PROBLEM TO WORK ON: Please copy exactly the part of the records below that opens with the line containing "Selling a pair" and closes with the line containing "Caracteristicas: New generation", leaving out any pictures.

SOURCE DATA:
----------

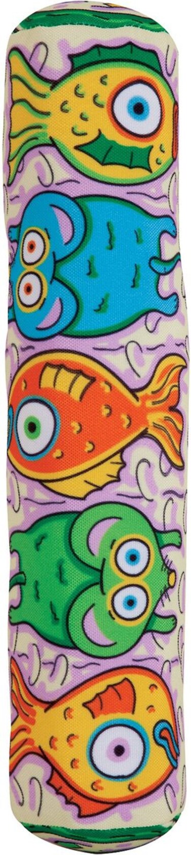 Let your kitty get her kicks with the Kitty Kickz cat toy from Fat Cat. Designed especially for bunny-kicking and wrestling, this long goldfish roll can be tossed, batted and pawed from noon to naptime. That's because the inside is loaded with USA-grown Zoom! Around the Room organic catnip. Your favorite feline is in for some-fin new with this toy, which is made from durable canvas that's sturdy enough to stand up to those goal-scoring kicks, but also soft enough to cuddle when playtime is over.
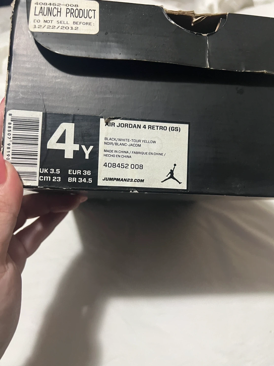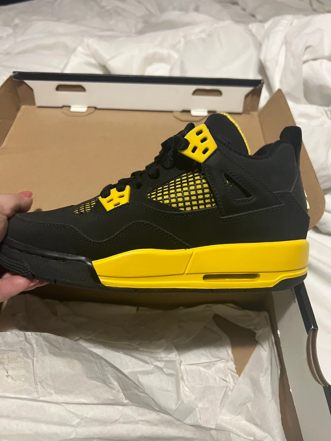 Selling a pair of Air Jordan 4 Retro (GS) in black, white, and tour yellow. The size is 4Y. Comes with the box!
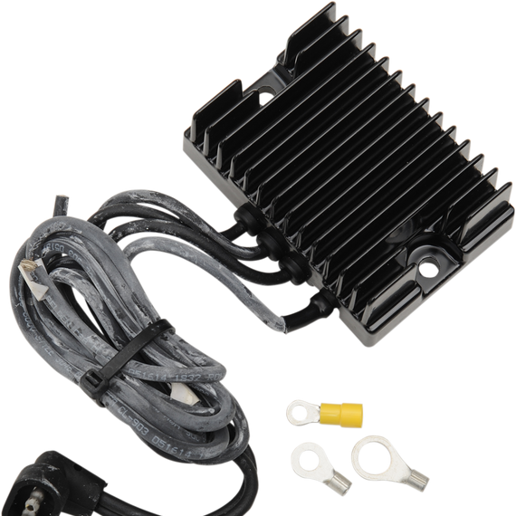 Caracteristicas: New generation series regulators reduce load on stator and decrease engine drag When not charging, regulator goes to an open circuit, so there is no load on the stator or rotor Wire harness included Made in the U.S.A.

----------

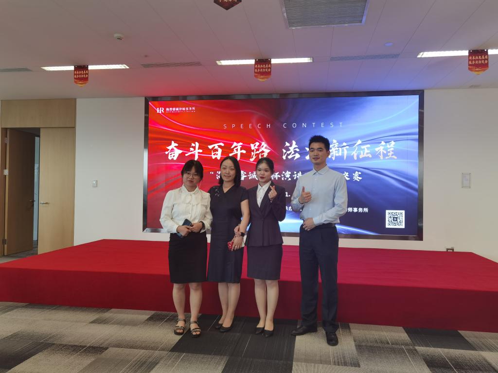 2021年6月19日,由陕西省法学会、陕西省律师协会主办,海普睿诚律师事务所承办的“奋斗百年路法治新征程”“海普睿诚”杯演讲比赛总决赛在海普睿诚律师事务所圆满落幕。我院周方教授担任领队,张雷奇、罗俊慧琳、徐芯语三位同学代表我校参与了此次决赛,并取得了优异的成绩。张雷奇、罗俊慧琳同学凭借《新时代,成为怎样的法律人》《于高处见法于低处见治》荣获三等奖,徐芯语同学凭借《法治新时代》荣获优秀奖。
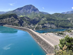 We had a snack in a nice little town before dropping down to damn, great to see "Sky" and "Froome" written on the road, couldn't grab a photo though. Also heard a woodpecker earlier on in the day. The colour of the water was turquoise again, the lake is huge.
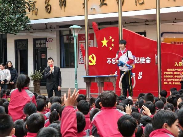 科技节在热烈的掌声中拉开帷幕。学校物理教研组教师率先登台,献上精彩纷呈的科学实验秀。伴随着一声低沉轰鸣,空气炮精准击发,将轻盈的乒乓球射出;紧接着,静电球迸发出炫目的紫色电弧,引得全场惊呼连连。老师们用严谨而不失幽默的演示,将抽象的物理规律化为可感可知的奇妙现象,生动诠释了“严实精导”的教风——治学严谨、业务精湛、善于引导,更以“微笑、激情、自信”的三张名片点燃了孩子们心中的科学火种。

----------

EXERCISE ANSWER:
 Selling a pair of Air Jordan 4 Retro (GS) in black, white, and tour yellow. The size is 4Y. Comes with the box!
 Caracteristicas: New generation series regulators reduce load on stator and decrease engine drag When not charging, regulator goes to an open circuit, so there is no load on the stator or rotor Wire harness included Made in the U.S.A.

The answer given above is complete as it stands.